Solidarität? Eine andere Form der Herdenimmunität
In der Theorie wäre das die beste Zeit für Superhelden. Aber ganz ehrlich?
Wir brauchen sie nicht, wir können uns gemeinsam selbst helfen.
Für Dystopiefans und Superhelden-erfinder sind das goldene Zeiten, auch, weil die aktuelle Situation über Ingredienzen verfügt, aus denen man gute Drehbücher schreiben kann: Ein Virus hält die Welt in Schach, globaler Lockdown inklusive. Wer das noch immer auf die leichte Schulter nimmt, der kann es auch amtlich haben: Die Menschheit ist, von der UNO amtlich bestätigt, in einer dramatischen Lage: „Covid-19 ist eine Bedrohung für die gesamte Menschheit“, diagnostiziert António Guterres, Generalsekretär der Vereinten Nationen.
Wären wir in einem Superheldenuniversum, würde – theatralischdramatisch von oben kommend – ein Superheld zur Rettung der Welt vorstellig werden. Dann würde es kurz noch ein bisschen dramatisch werden und am Ende stünde wie in jedem Blockbuster-drehbuch ein Big Bang mit schön rundem Happy End. So zumindest die Theorie.
In der Praxis trennt eine scharfe Trennlinie die Fiktion von der Wirklichkeit. Heißt: Es gibt keine Superhelden, aber im gleichen Maße, wie Nationalstaaten die Grenzen dichtgemacht haben, haben Menschen regional, national und weltweit eines begriffen: Zusammen ist man weniger allein – mit dem vorgeschriebenen Abstand selbstverständlich.

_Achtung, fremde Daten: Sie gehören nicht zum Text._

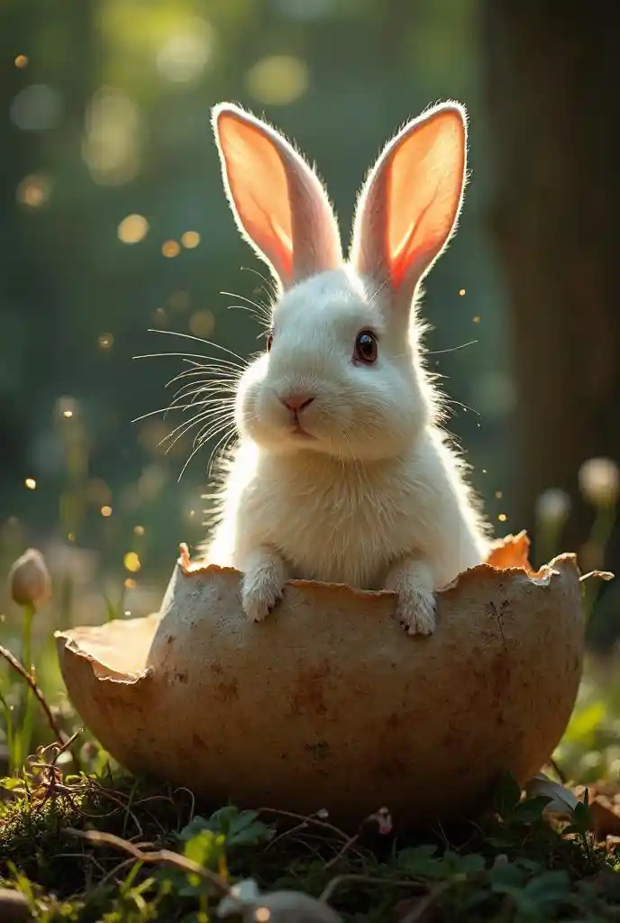 BenjaminUm velho livro de fadas está a abrir, no interior apareceu um coelho branco a emergir da um ovo de Páscoa, luz cintilante

Es gleicht einem Rausgehen aus dem individuellen Maschinenraum, einer Form von emotionaler Schwarmintelligenz, deren Motor die Solidarität ist. Solidarität? Ein Wort, das viele längst in den hintersten Winkeln von Weltverbessererarchiven wähnten. Krisen bringen das Schlechteste und Beste im Menschen hervor, heißt es. Auch wenn diese Krise vorbeigeht und die Welt uns wieder in unseren normalen Trott drängt und wir uns auch zwangsläufig wieder darüber beschweren werden, schlägt sich eine Erkenntnis durch: Gemeinschaft ist unbezahlbar. Auch das ist eine Form von Herdenimmunisierung gegen die Malaise der Gegenwart.